[Data excerpts]
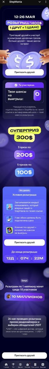 https://t.me/step_mania_bot/app?startapp=UkM9MDAwMDAwTUxzd0ImUlM9bGFuZGluZ19pbnZpdGUmdXRtX3NvdXJjZT1ldmVudCZ1dG1fbWVkaXVtPWNwYyZ1dG1fY2FtcGFpZ249ZnJpZW5kc2dpdg%3D%3D 🚶♂️ Шагай и выигрывай $$$ в StepMania! Подключай шаги и присоединяйся к розыгрышу.
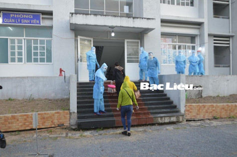 Tiếp nhận người vào cách ly tập trung tại Khu nhà ở sinh viên (Phường 1, Thành phố Bạc Liêu).
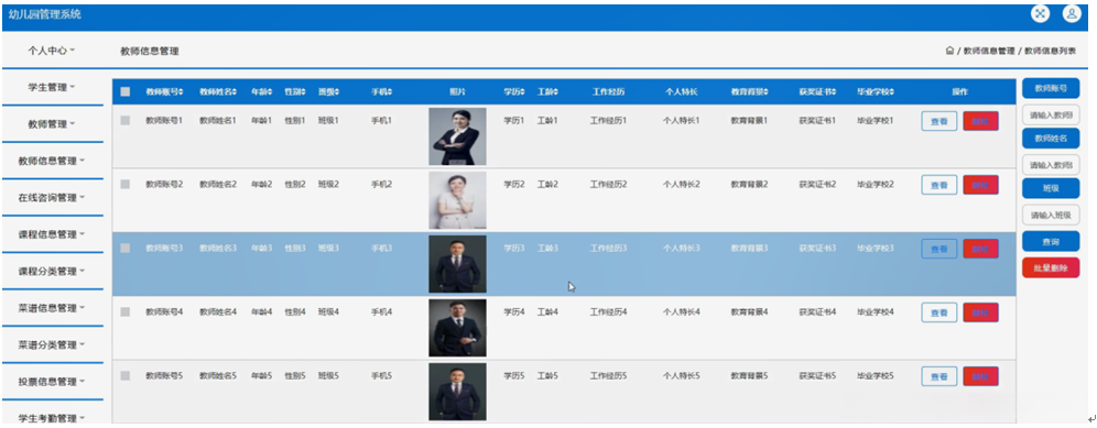 在‘教师管理’页面中支持查看与更新各类基本信息,并能根据需要完成相关操作
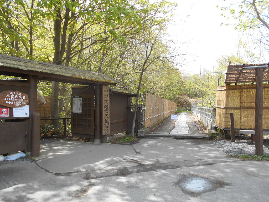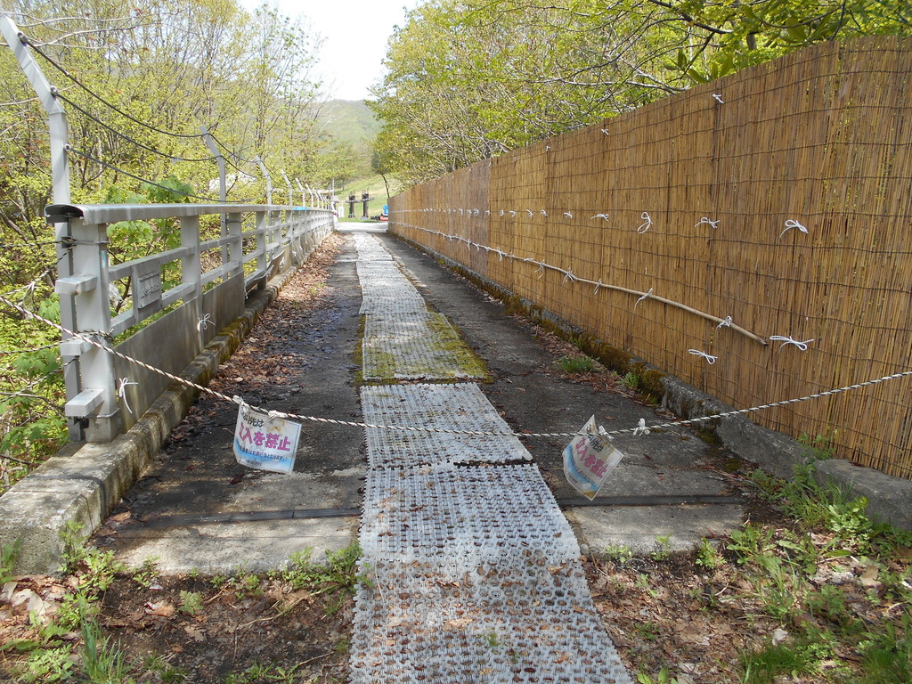かもしか大橋右側の蔵王大露天風呂写真撮影出来ない様に葦簀を張り橋に立入禁止表示しロープを張っています!!!
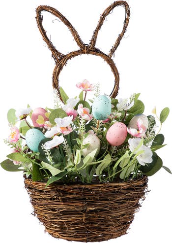 This 18"H Easter Bunny Shaped Basket Centerpiece features a charming wicker basket with bunny ears. It’s filled with pastel Easter eggs, pink and white flowers, and green foliage, making it a perfect festive accent for Easter tables.
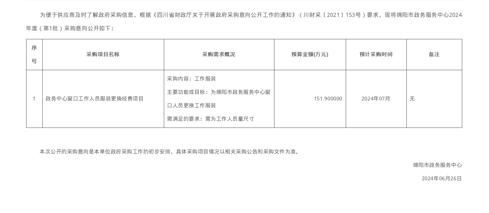 綿陽(yáng)市政務(wù)服務(wù)中心2024年度政府采購(gòu)意向公告(第1批)
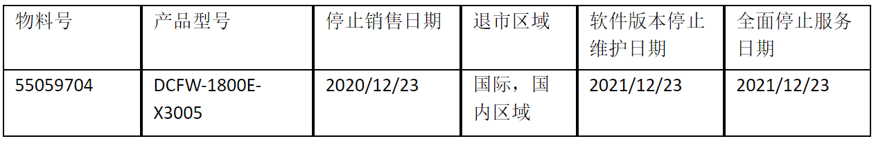 北京Ezpay数码云科信息技术有限公司正式通知您, 以上DCFW-1800E-X3005下一代防火墙(55059704)将于2020年12月23号停止接收新的订单(具体日期见上表),不再供货。给您带来的不便,敬请原谅。
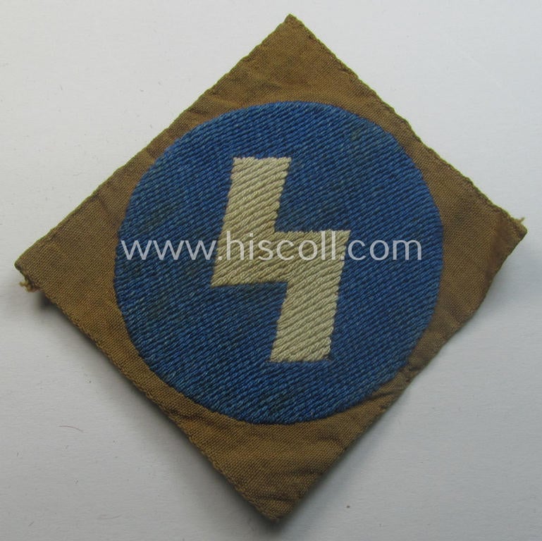 This is a neat example of a DJ (ie. 'Deutsches Jungvolk') arm-badge as was specifically intended for usage by a member who served within the: 'Oberbann 4' being a just minimally used example that is void of an 'RzM'-etiket and that comes in a deem just moderately used- ie. worn-, condition. The white-coloured rune-sign - as executed on a bright-blue- (ie. 'blauer'-) coloured background and woven in the neat so-called: 'BeVo'-weave pattern as always - signified that its bearer belonged to the DJ 'Oberbann 4'. The patch shows some minimal staining ie. dust simply caused by decades of storage and/or minimal wear. Simply a nice occasion to acquire an attractive example of a 'DJ-Oberbann 4'-armpatch that will be hard to be upgraded!

#### [Exercise]
Once the line with "かもしか大橋右側の蔵王大露天" has been found above, output that line and every later line exactly, stopping after the line with "綿陽(yáng)市政務(wù", and omit the pictures.

#### [Response to this exercise]
かもしか大橋右側の蔵王大露天風呂写真撮影出来ない様に葦簀を張り橋に立入禁止表示しロープを張っています!!!
 This 18"H Easter Bunny Shaped Basket Centerpiece features a charming wicker basket with bunny ears. It’s filled with pastel Easter eggs, pink and white flowers, and green foliage, making it a perfect festive accent for Easter tables.
 綿陽(yáng)市政務(wù)服務(wù)中心2024年度政府采購(gòu)意向公告(第1批)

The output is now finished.